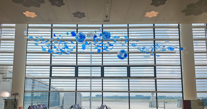 藝術(shù)家把整個(gè)嶺南的春天都掛在了天花板上:這些仿佛被南風(fēng)吻過的藍(lán)色花瓣,藏著不少小心思——它們有著通花瓷般的玲瓏,又帶著麥稈畫的細(xì)膩,每一片都是非遺智慧與未來美學(xué)的混血兒。為了讓這場花雨真正“飄”起來,湖北美院藝術(shù)家團(tuán)隊(duì)玩了個(gè)視覺魔術(shù):用0.3毫米幾乎隱形的鋼絲繩,輕松吊起了整整3噸的裝置。最妙的還是花瓣的“變裝術(shù)”——特調(diào)的“嶺南天色藍(lán)”會隨著天光悄悄改變心情:清晨是暖金色問好,正午是天空藍(lán)微笑。表面那些精密的波浪紋理,更是在地上投下流動(dòng)的光斑。這些會跳舞的花瓣告訴來往的旅人:機(jī)場的春天,從來不會落幕。
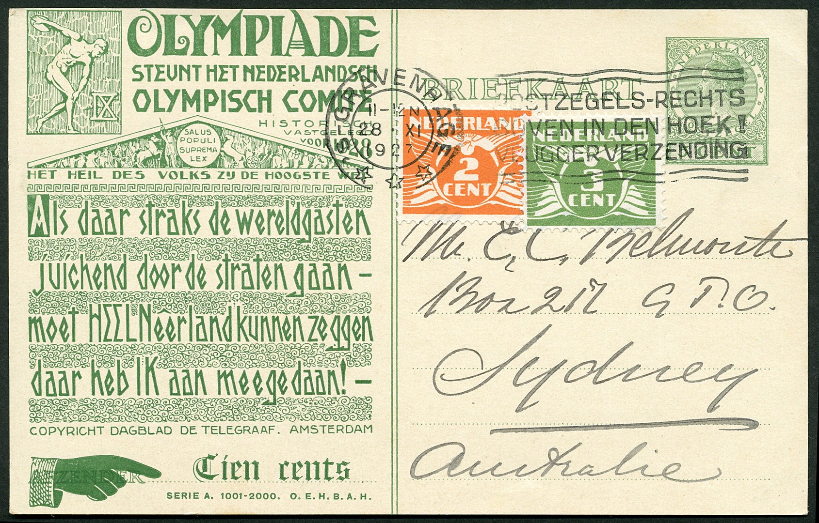 Particulier bedrukte bk. Olympiade 1928, OL10. Prachtkaart bijgefr. met 2c en 3c van 's-Gravenhage 28-11-1927 naar Sydney (az. onbeschreven)
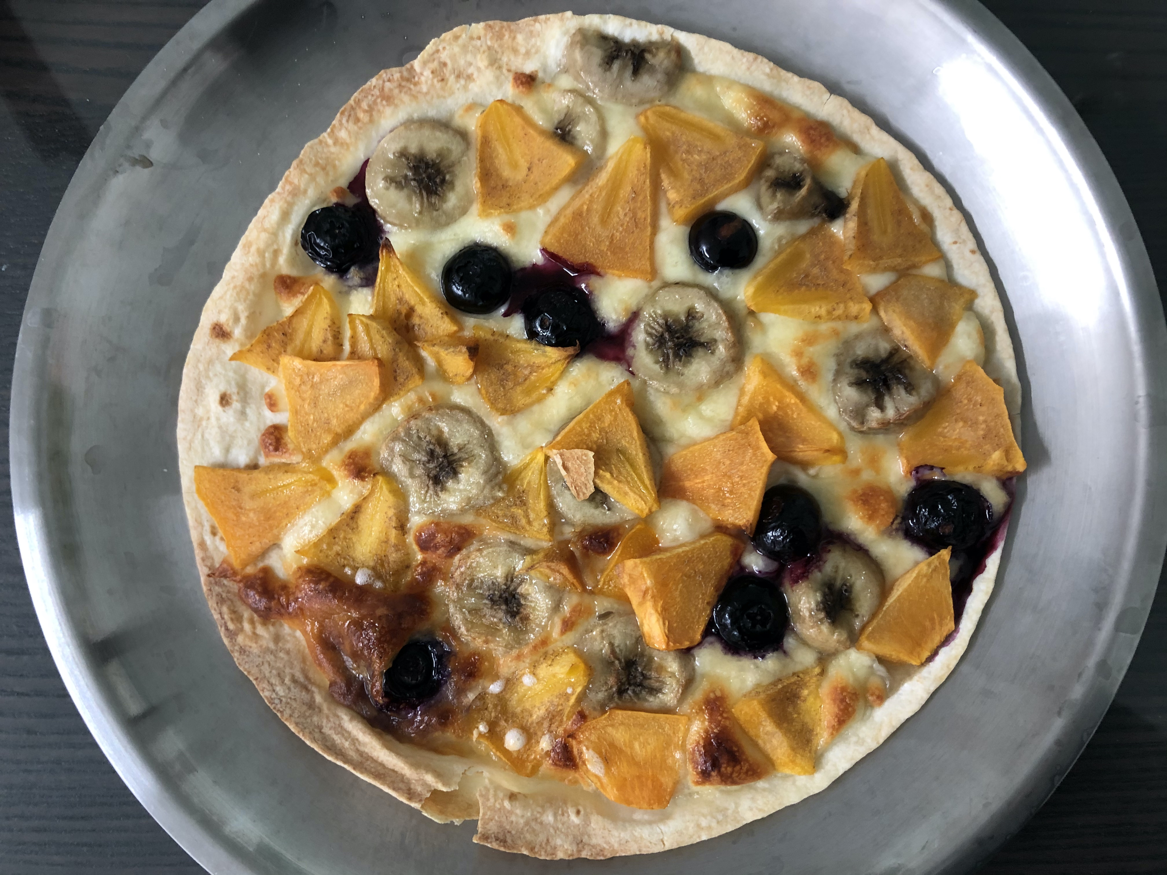엄청 단맛이 많이나는 꿀고구마(구운 고구마를 잘라서 올렸음)의 단맛 뿐만 아니라 바나나도 열을 가하면 단맛이 더 강해집니다. 블루베리는 단맛과 신맛이 함께 나서 상큼함을 더해주었구요. 잘 익은 단감도 엄청 달았습니다.
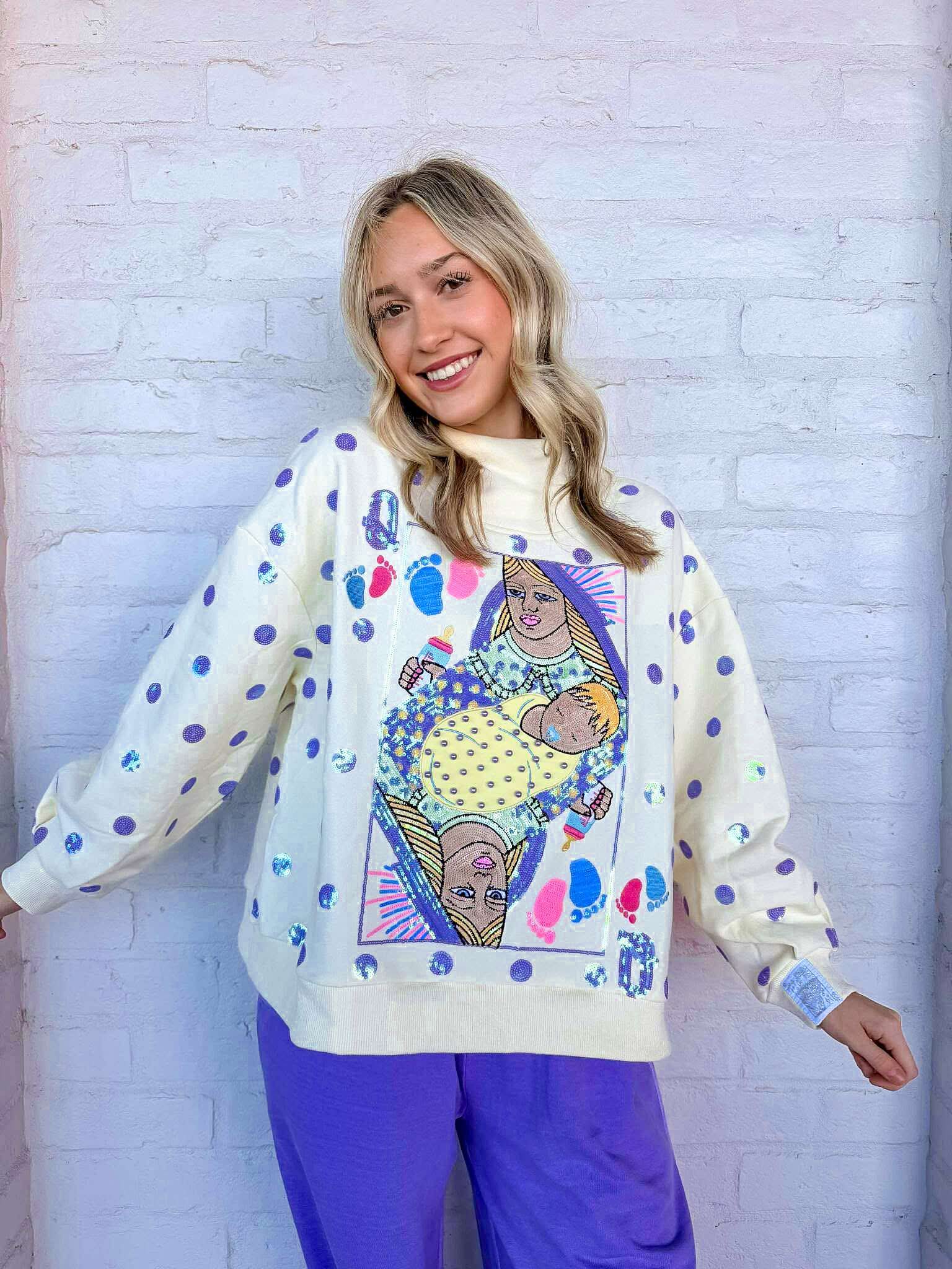 Embrace your playful side with the Queen Of Sparkles Beige & Lavender Polka Dot Sparkle Logo Sweatshirt! This charming piece not only showcases a delightful polka dot design celebrating motherhood in style. Wrap yourself in the warmth of comfort and confidence—it’s time to shine!
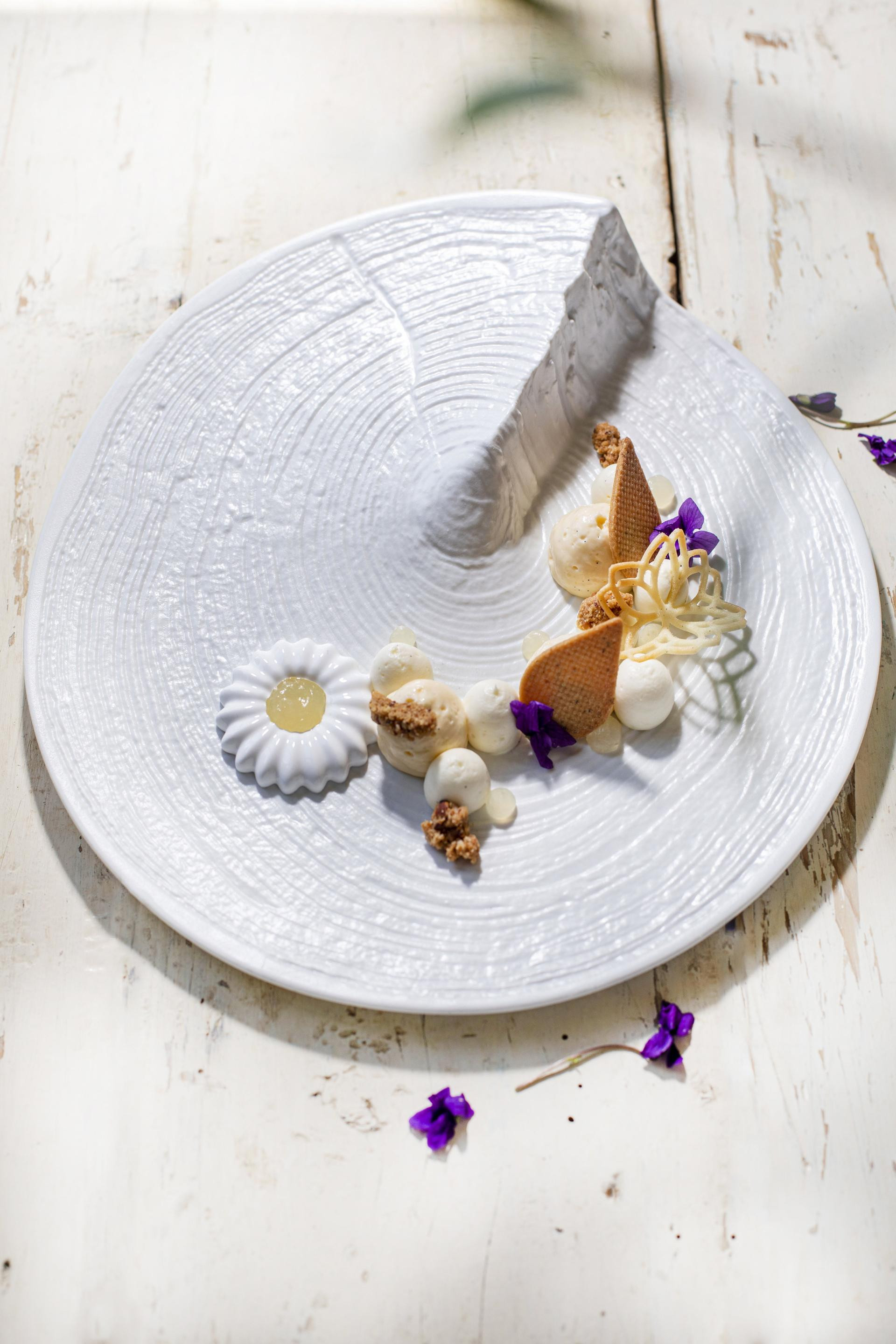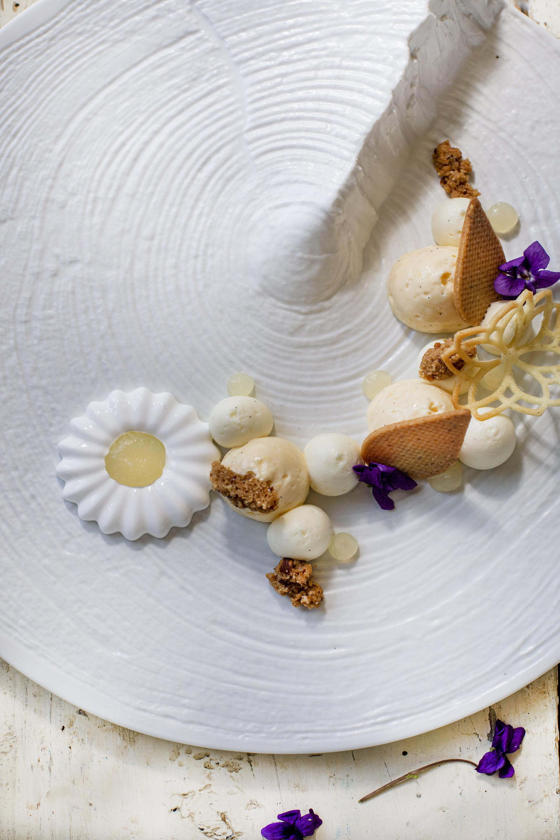 Serviranje: U obliku polumjeseca na tanjuru servirajte tufnice kreme od limuna, lupanog ganachea od bijele čokolade i gela od limuna. Dekorirajte keksom i crumbleom. Pored istisnuti cvjetić ili zvjezdicu od meringe i u sredinu, kao tučak, istisnuti gel od limuna. Dekorirati tuile cvijetom i svježim cvjetovima ljubičica.
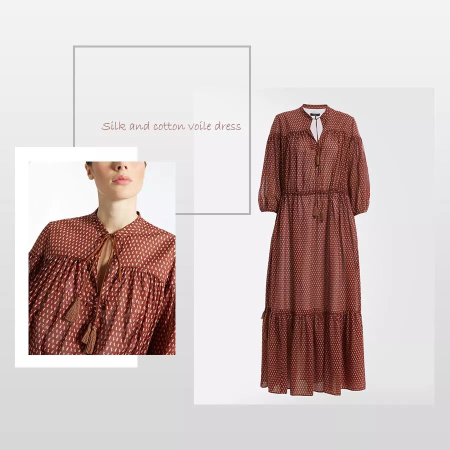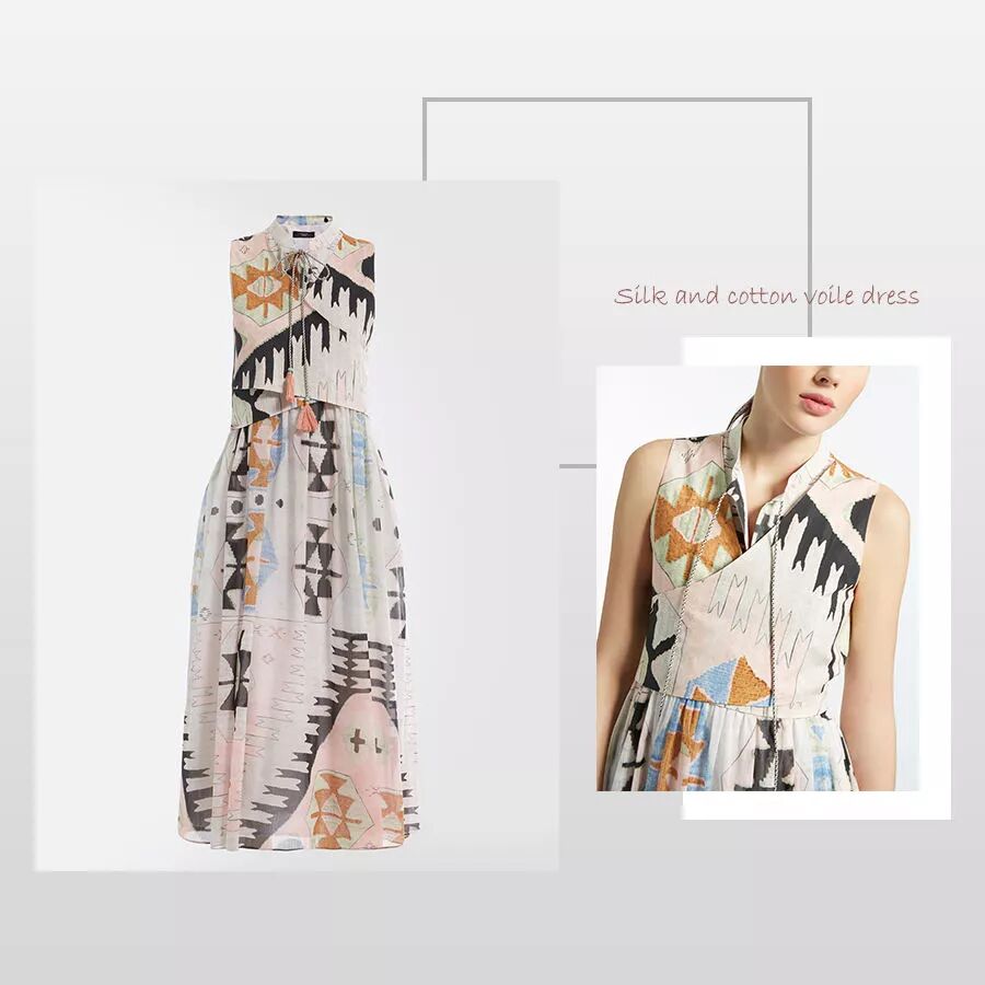 迷笛无袖连衣裙采用了棉纱和印花丝绸布料,顶部设计了独特的延至腰部的两个腰带的交叉,在背部聚拢相系,塑造挺拔身姿,带有花边和流苏的小和服领既优雅又灵动。
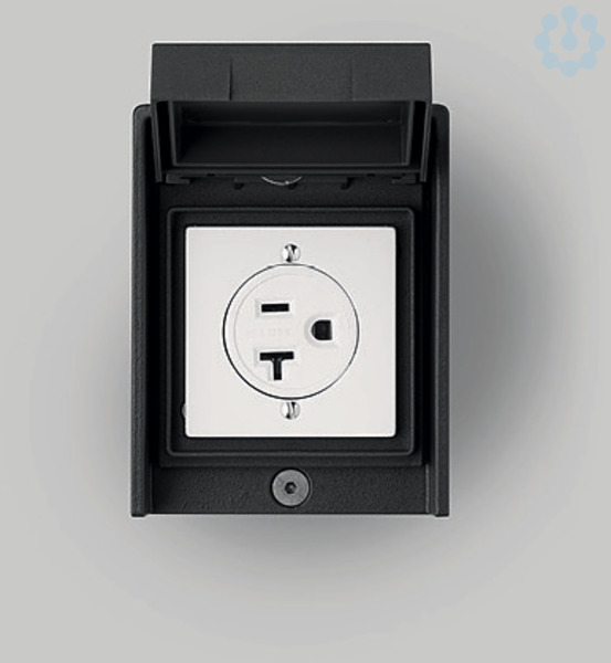 BEGA Einbaugehäuse 70168 mit Installationseinsatz für den Einbau in Maste und Pollerleuchten. Einbaugehäuse können in Rohre mit einem Durchmesser > 82 x 2 mm und in Vierkant-Rohre mit einem Querschnitt von > 80 x 80 x 2 mm eingebaut werden. Erforderliche Einbauöffnung ø 72 mm. Gehäuse besteht aus Aluminiumguss, Farbe Grafit. Geräteträger und Klappe aus verstärktem Ultramid-Kunststoff, Farbe Grafit. Befestigungsschrauben Edelstahl. Öffnungswinkel der Abdeckklappen max. 85°. Mit Schutzkontaktsteckdose US 20 A · 125 V AC. Schutzart IP 44 bei geschlossenem Klappdeckel.

- - - -

* WORK ORDER: Exactly those lines that run from the line holding "迷笛无袖连衣裙采用了棉纱和印" to the end of the listing above, both included, are to be reproduced, with pictures left out.

* RESPONSE TO THIS TASK:
 迷笛无袖连衣裙采用了棉纱和印花丝绸布料,顶部设计了独特的延至腰部的两个腰带的交叉,在背部聚拢相系,塑造挺拔身姿,带有花边和流苏的小和服领既优雅又灵动。
 BEGA Einbaugehäuse 70168 mit Installationseinsatz für den Einbau in Maste und Pollerleuchten. Einbaugehäuse können in Rohre mit einem Durchmesser > 82 x 2 mm und in Vierkant-Rohre mit einem Querschnitt von > 80 x 80 x 2 mm eingebaut werden. Erforderliche Einbauöffnung ø 72 mm. Gehäuse besteht aus Aluminiumguss, Farbe Grafit. Geräteträger und Klappe aus verstärktem Ultramid-Kunststoff, Farbe Grafit. Befestigungsschrauben Edelstahl. Öffnungswinkel der Abdeckklappen max. 85°. Mit Schutzkontaktsteckdose US 20 A · 125 V AC. Schutzart IP 44 bei geschlossenem Klappdeckel.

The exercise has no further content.